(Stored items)
========

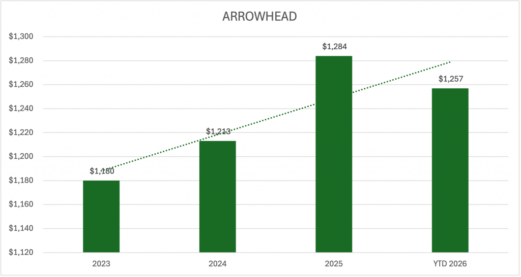 Arrowhead saw steady appreciation through 2025, peaking at $1,284/sf before a slight normalization in the first 60 days of 2026 to $1,257/sf. Importantly, values remain meaningfully above 2023 levels. In the last 12 months, there have been 2 properties closed above $1,800/sf. This reads less like a correction and more like market recalibration after accelerated growth. For buyers watching for “declines,” this illustrates the nuance – modest adjustments within a broader upward trend.
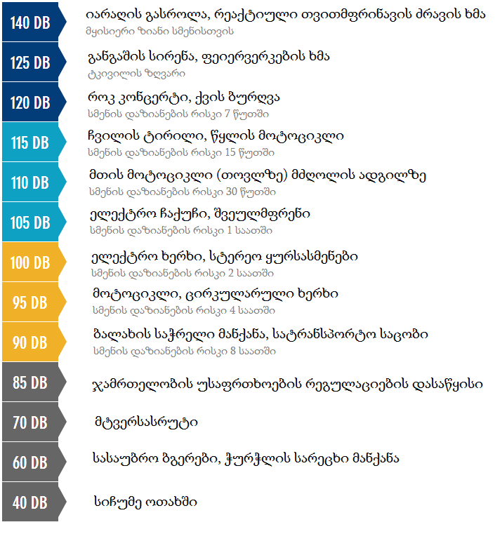 ექსპერტების აზრით, 85 დეციბელზე ზემოთ ხმა არის საშიში. ეს კი იმას ნიშნავს, რომ მოტოციკლეტების, ყურსასმენებისა და ბალახის საჭრელი მანქანის ხმებს შეუძლია პერმანენტული სმენის დაქვეითების გამოწვევა.
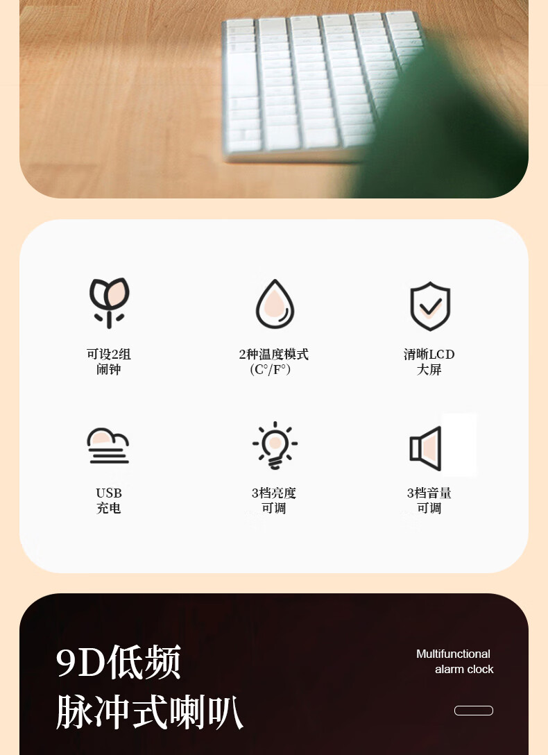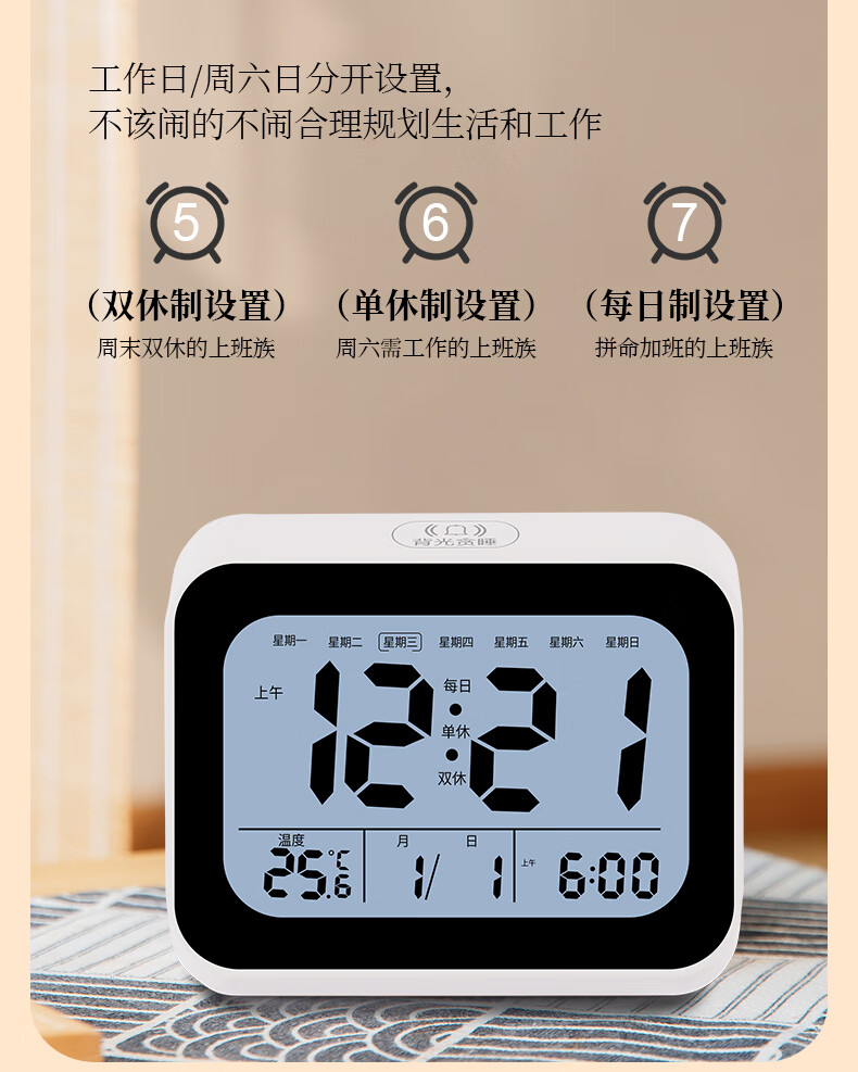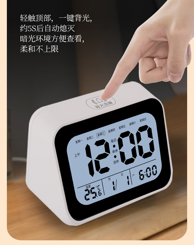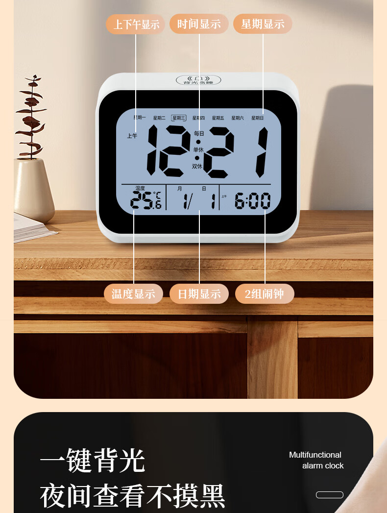 POWER霸王闹钟电子充电儿童卧室智能床头钟开学学生专用起床神器
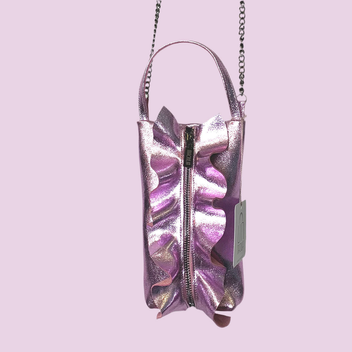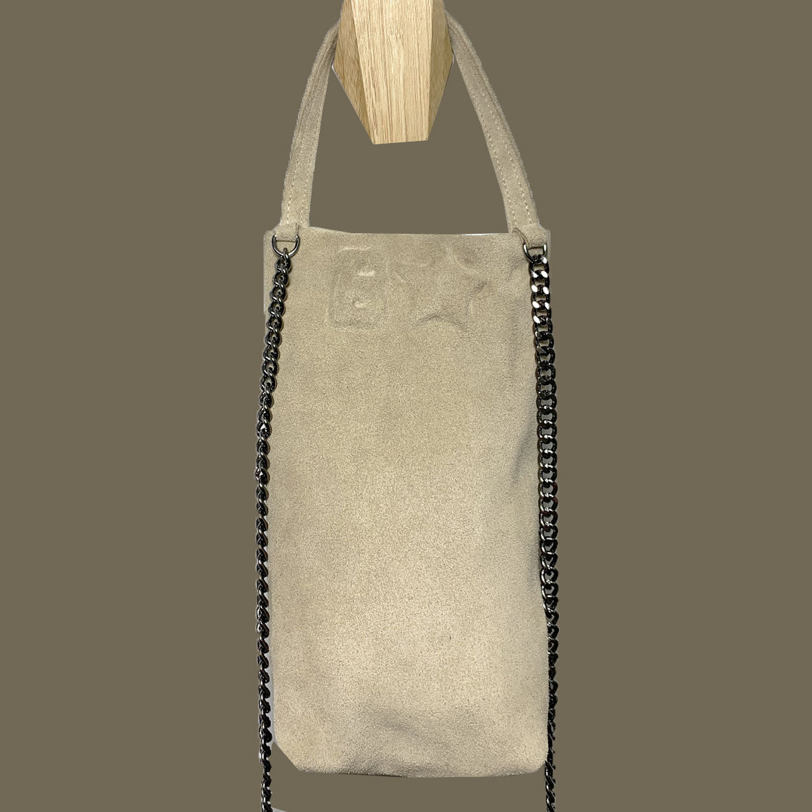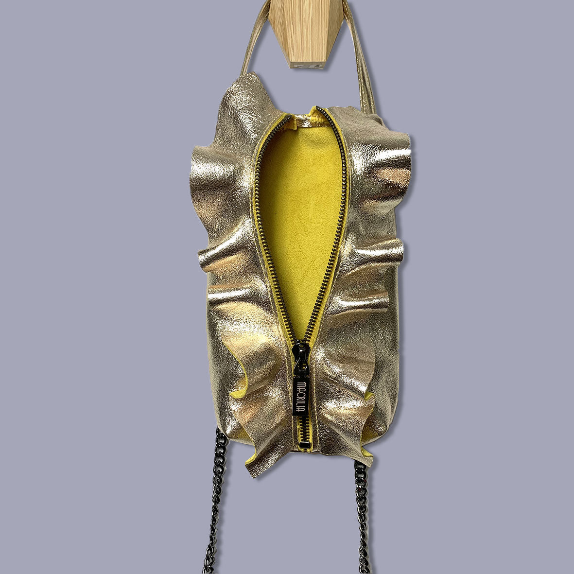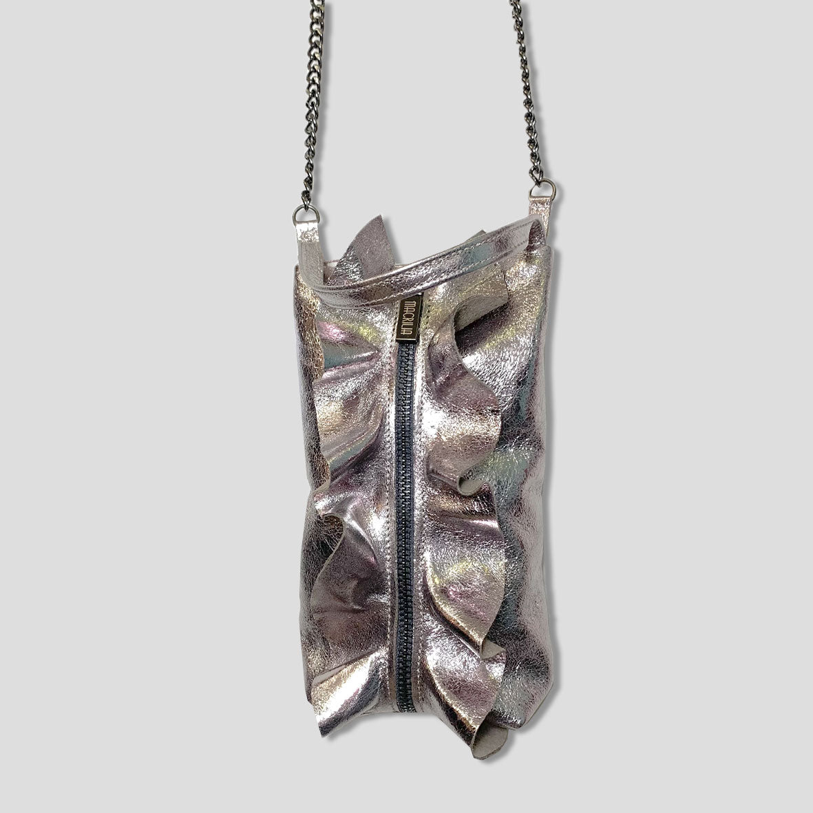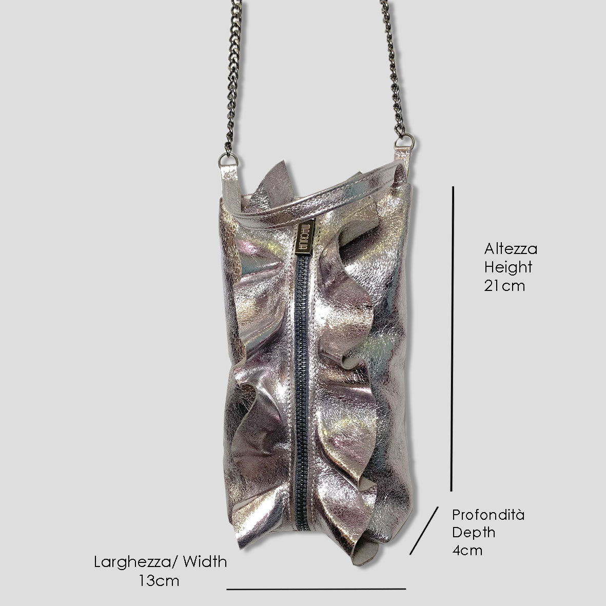 Elegante borsa in pelle. Un particolare piccolo porta cellulare .
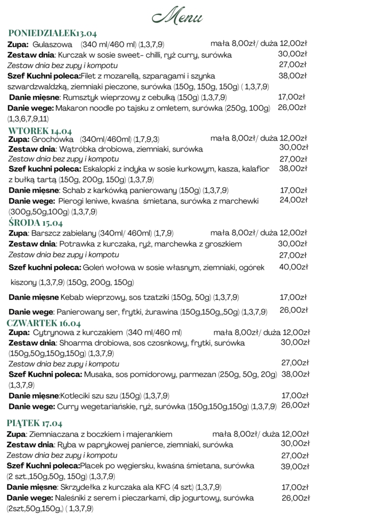 * OFERTA DOTYCZY CATERINGU ZAMAWIANEGO NA WYNOS. IMPREZY OKOLICZNOŚCIOWE W LOKALU WYCENIANE SĄ INDYWIDUALNIE
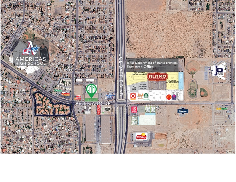 Introducing a prime commercial land development opportunity situated at 12285 PELLICANO DR, EL PASO, TX 79938. Neighboring AutoZone, this 1.55-acre property boasts a strategic location at the intersection of Joe Battle, Pellicano, and Bob Hop Dr., offering easy access to Interstate 10 and the Zaragoza International Border Crossing. Nestled amidst thriving residential, apartment, and commercial developments, this parcel is an ideal investment for various business ventures. The seller is open to subdividing the lot to suit your needs. Noteworthy is the new Alamo Drafthouse Cinema recently opened across the street at the Monteverde development, enhancing the area's appeal. Benefit from high traffic counts with Pellicano Dr. at 26,380 VPD and Joe Battle Blvd. at 92,940 VPD (TDT). With a demographic snapshot projecting a population of 82,336 within a 3-mile radius and an average household income of $81.9k, this property promises a lucrative opportunity for the savvy investor. Get in touch today for more details!
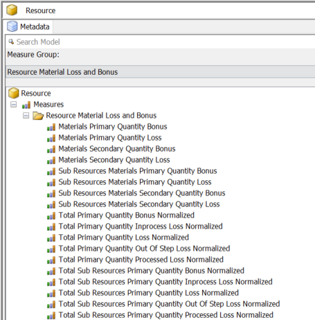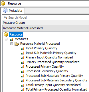 Material Hierarchy - This dimension allows the filtering of the materials according to their hierarchy. This filter is associated with measures within the Resource Material Processed and Resource Material Loss and Bonus measure groups. The available options are:
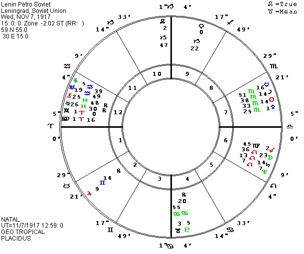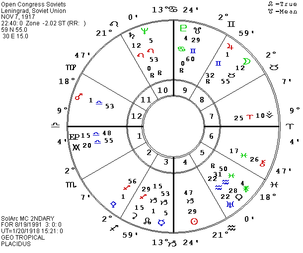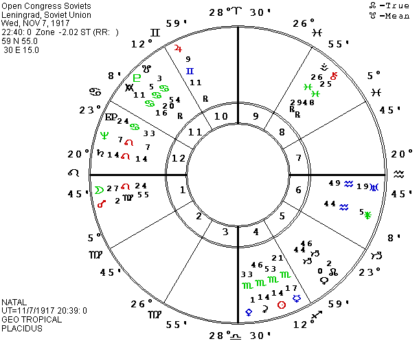 Now, however, though my new chart for Gorbachev continues to show tension for years, the P Moon aspects provide a better fit for the big showdown in the summer of 1991. This encouraged me to look again at another possible time for the Bolshevik revolution and the beginning of Communist power in Russia. Countries are born in stages and I have 9 different times during the 3-day revolution which could be logically supported as steps on the road to communist power. Life is not really tidy, despite our efforts to make neat patterns to explain and predict it. Countries usually have more than one chart which “works” to some extent and helps to “make sense” of the situation. Prior to getting the 3 P.M. chart, I had gotten the best fit of a chart with events in the history of the country using the opening of the Congress of Soviets at 10:40 P.M. Local City Time (LCT) on November 7, 1917 in Leningrad. This chart, like the later birth time for Gorbachev, advances the crisis aspects which picture the major changes in leadership and power from the winter of 1991-2 to the summer and early fall of 1991. The P Moon is still in orb of its long square to P and natal Neptune, to midpoints, and then to P and natal Saturn when it starts an opposition to natal Sun-Ceres. We will have to see what the coming months bring to judge the relative merits of the two charts for the country. P Moon will oppose natal Mercury later in the year, which would fit mental changes, communication, transportation, etc., but the simultaneous conflict aspects to Saturn and Sun are most appropriate for the changes of power figures and laws.
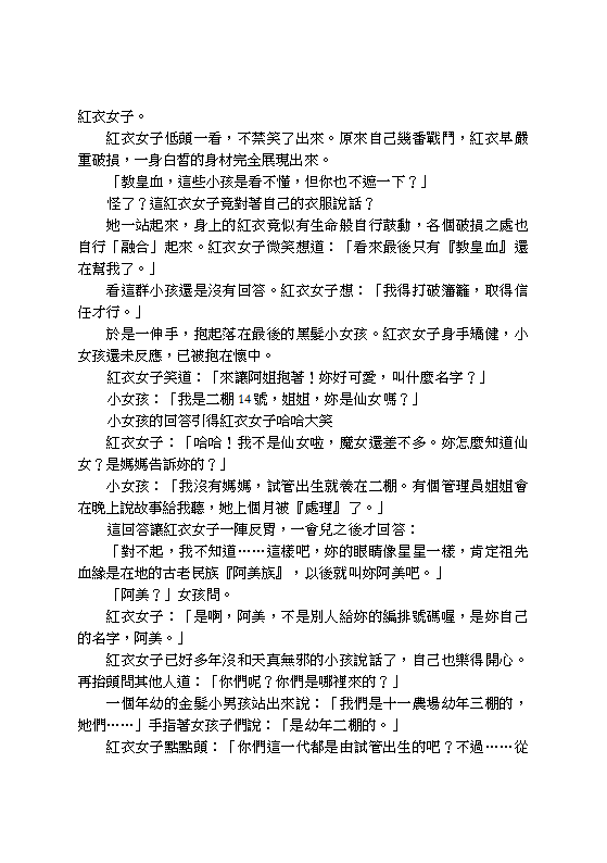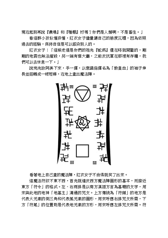 Set in the end of humanity, The Road of the Great Language Rune features Yar, a mysterious girl in a red dress, who helps 66 children to survive in a series of underground tunnels. As Yar tells her story, it is revealed that for hundreds of years, she has been serving as the warden of the ultimate demon, who is sealed on a small island on the edge of the civilization. It is her duty to ensure that the demon is never to be released, so that the Western World can live in peace.
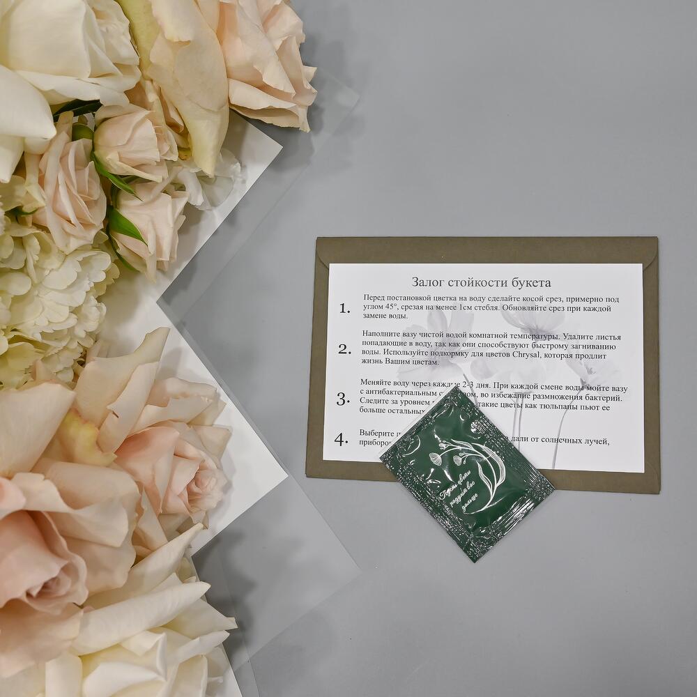 - Сроки возврата: Претензии по качеству букета принимаются в течение 24 часов с момента его получения.
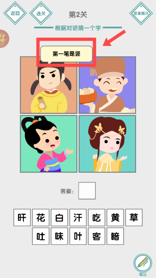 2、字庫選擇字詞:根據觀察到的信息,在下方的字庫中選擇出正確的組詞字詞,嘗試猜出對應的漢字。
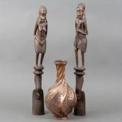 Paar Afrikaanse hardhouten beelden, en koperen vaas, beelden 59 cm
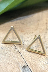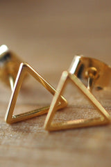 Simplistic is this design's specialty. These cute little gold plated triangle earrings are a safe bet when packing for a long trip or when rushing out the door. You can guarantee that they will go with almost everything you own and will never be too much. They sit prettily on hypoallergenic posts for comfort and security. Add a little geometric flair to your favorite work or play outfit!

========

Please repeat the data verbatim and leave the pictures out of your copy.

 Arrowhead saw steady appreciation through 2025, peaking at $1,284/sf before a slight normalization in the first 60 days of 2026 to $1,257/sf. Importantly, values remain meaningfully above 2023 levels. In the last 12 months, there have been 2 properties closed above $1,800/sf. This reads less like a correction and more like market recalibration after accelerated growth. For buyers watching for “declines,” this illustrates the nuance – modest adjustments within a broader upward trend.
 ექსპერტების აზრით, 85 დეციბელზე ზემოთ ხმა არის საშიში. ეს კი იმას ნიშნავს, რომ მოტოციკლეტების, ყურსასმენებისა და ბალახის საჭრელი მანქანის ხმებს შეუძლია პერმანენტული სმენის დაქვეითების გამოწვევა.
 POWER霸王闹钟电子充电儿童卧室智能床头钟开学学生专用起床神器
 Elegante borsa in pelle. Un particolare piccolo porta cellulare .
 * OFERTA DOTYCZY CATERINGU ZAMAWIANEGO NA WYNOS. IMPREZY OKOLICZNOŚCIOWE W LOKALU WYCENIANE SĄ INDYWIDUALNIE
 Introducing a prime commercial land development opportunity situated at 12285 PELLICANO DR, EL PASO, TX 79938. Neighboring AutoZone, this 1.55-acre property boasts a strategic location at the intersection of Joe Battle, Pellicano, and Bob Hop Dr., offering easy access to Interstate 10 and the Zaragoza International Border Crossing. Nestled amidst thriving residential, apartment, and commercial developments, this parcel is an ideal investment for various business ventures. The seller is open to subdividing the lot to suit your needs. Noteworthy is the new Alamo Drafthouse Cinema recently opened across the street at the Monteverde development, enhancing the area's appeal. Benefit from high traffic counts with Pellicano Dr. at 26,380 VPD and Joe Battle Blvd. at 92,940 VPD (TDT). With a demographic snapshot projecting a population of 82,336 within a 3-mile radius and an average household income of $81.9k, this property promises a lucrative opportunity for the savvy investor. Get in touch today for more details!
 Material Hierarchy - This dimension allows the filtering of the materials according to their hierarchy. This filter is associated with measures within the Resource Material Processed and Resource Material Loss and Bonus measure groups. The available options are:
 Now, however, though my new chart for Gorbachev continues to show tension for years, the P Moon aspects provide a better fit for the big showdown in the summer of 1991. This encouraged me to look again at another possible time for the Bolshevik revolution and the beginning of Communist power in Russia. Countries are born in stages and I have 9 different times during the 3-day revolution which could be logically supported as steps on the road to communist power. Life is not really tidy, despite our efforts to make neat patterns to explain and predict it. Countries usually have more than one chart which “works” to some extent and helps to “make sense” of the situation. Prior to getting the 3 P.M. chart, I had gotten the best fit of a chart with events in the history of the country using the opening of the Congress of Soviets at 10:40 P.M. Local City Time (LCT) on November 7, 1917 in Leningrad. This chart, like the later birth time for Gorbachev, advances the crisis aspects which picture the major changes in leadership and power from the winter of 1991-2 to the summer and early fall of 1991. The P Moon is still in orb of its long square to P and natal Neptune, to midpoints, and then to P and natal Saturn when it starts an opposition to natal Sun-Ceres. We will have to see what the coming months bring to judge the relative merits of the two charts for the country. P Moon will oppose natal Mercury later in the year, which would fit mental changes, communication, transportation, etc., but the simultaneous conflict aspects to Saturn and Sun are most appropriate for the changes of power figures and laws.
 Set in the end of humanity, The Road of the Great Language Rune features Yar, a mysterious girl in a red dress, who helps 66 children to survive in a series of underground tunnels. As Yar tells her story, it is revealed that for hundreds of years, she has been serving as the warden of the ultimate demon, who is sealed on a small island on the edge of the civilization. It is her duty to ensure that the demon is never to be released, so that the Western World can live in peace.
 - Сроки возврата: Претензии по качеству букета принимаются в течение 24 часов с момента его получения.
 2、字庫選擇字詞:根據觀察到的信息,在下方的字庫中選擇出正確的組詞字詞,嘗試猜出對應的漢字。
 Paar Afrikaanse hardhouten beelden, en koperen vaas, beelden 59 cm
 Simplistic is this design's specialty. These cute little gold plated triangle earrings are a safe bet when packing for a long trip or when rushing out the door. You can guarantee that they will go with almost everything you own and will never be too much. They sit prettily on hypoallergenic posts for comfort and security. Add a little geometric flair to your favorite work or play outfit!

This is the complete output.